**AVAILABLE DATA**
--- --- ---

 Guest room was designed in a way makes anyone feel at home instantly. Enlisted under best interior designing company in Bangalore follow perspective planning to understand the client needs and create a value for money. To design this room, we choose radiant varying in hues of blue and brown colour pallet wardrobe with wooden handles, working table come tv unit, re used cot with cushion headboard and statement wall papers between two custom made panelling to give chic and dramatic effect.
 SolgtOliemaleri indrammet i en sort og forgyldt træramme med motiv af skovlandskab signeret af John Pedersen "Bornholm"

--- --- ---

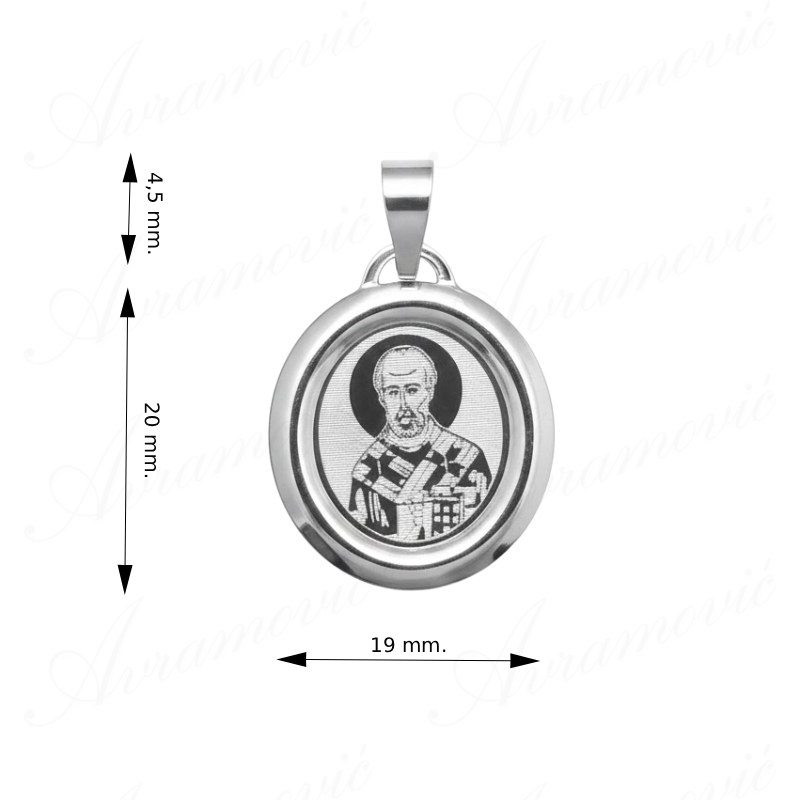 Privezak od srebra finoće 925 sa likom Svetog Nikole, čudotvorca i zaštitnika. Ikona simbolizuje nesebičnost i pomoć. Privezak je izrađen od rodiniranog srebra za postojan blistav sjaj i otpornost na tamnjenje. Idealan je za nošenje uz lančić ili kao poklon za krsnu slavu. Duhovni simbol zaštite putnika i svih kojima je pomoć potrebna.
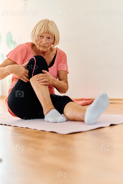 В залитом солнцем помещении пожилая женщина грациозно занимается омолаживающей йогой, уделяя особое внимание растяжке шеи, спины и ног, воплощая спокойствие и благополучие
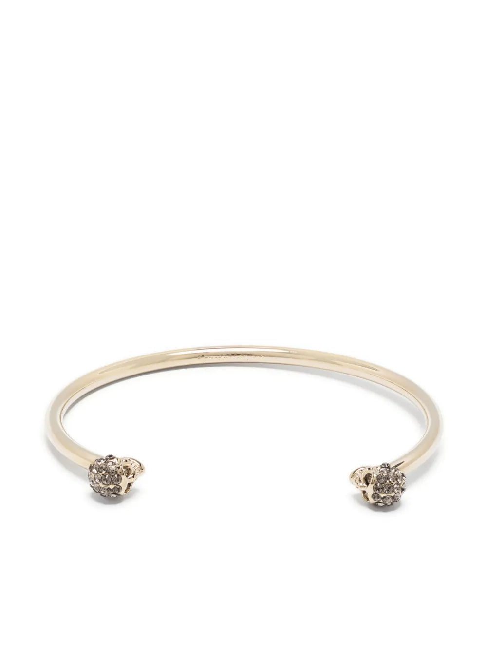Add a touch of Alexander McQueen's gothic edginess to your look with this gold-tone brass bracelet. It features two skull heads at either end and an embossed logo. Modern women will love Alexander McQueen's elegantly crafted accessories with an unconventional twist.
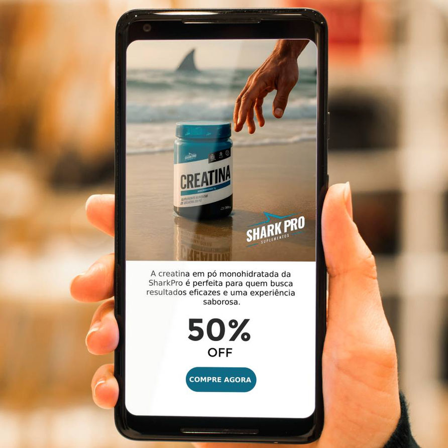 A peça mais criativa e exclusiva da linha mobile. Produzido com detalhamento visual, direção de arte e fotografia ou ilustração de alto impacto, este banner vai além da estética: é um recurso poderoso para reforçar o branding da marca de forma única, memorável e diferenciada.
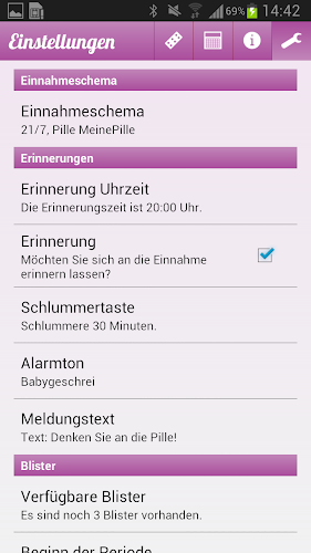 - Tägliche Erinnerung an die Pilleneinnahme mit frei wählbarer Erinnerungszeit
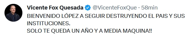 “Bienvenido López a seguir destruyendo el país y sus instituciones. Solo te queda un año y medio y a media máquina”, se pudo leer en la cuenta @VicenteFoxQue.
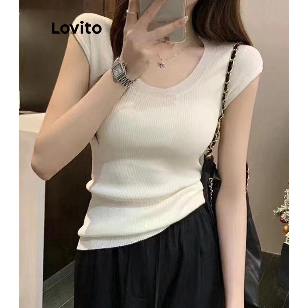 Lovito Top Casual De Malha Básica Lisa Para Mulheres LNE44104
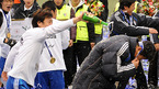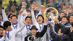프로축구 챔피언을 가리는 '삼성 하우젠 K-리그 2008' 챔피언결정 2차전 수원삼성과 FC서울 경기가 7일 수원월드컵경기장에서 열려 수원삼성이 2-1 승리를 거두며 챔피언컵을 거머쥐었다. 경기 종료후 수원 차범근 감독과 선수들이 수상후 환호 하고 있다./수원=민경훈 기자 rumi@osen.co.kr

--- --- ---

**WHAT THIS TASK INVOLVES**
Among the entries above, the line containing "Guest room was", the line containing "SolgtOliemaleri indrammet i", and all lines between them are to be restated word for word; nothing else belongs in the reply.

**ANSWER TO THE EXERCISE**
 Guest room was designed in a way makes anyone feel at home instantly. Enlisted under best interior designing company in Bangalore follow perspective planning to understand the client needs and create a value for money. To design this room, we choose radiant varying in hues of blue and brown colour pallet wardrobe with wooden handles, working table come tv unit, re used cot with cushion headboard and statement wall papers between two custom made panelling to give chic and dramatic effect.
 SolgtOliemaleri indrammet i en sort og forgyldt træramme med motiv af skovlandskab signeret af John Pedersen "Bornholm"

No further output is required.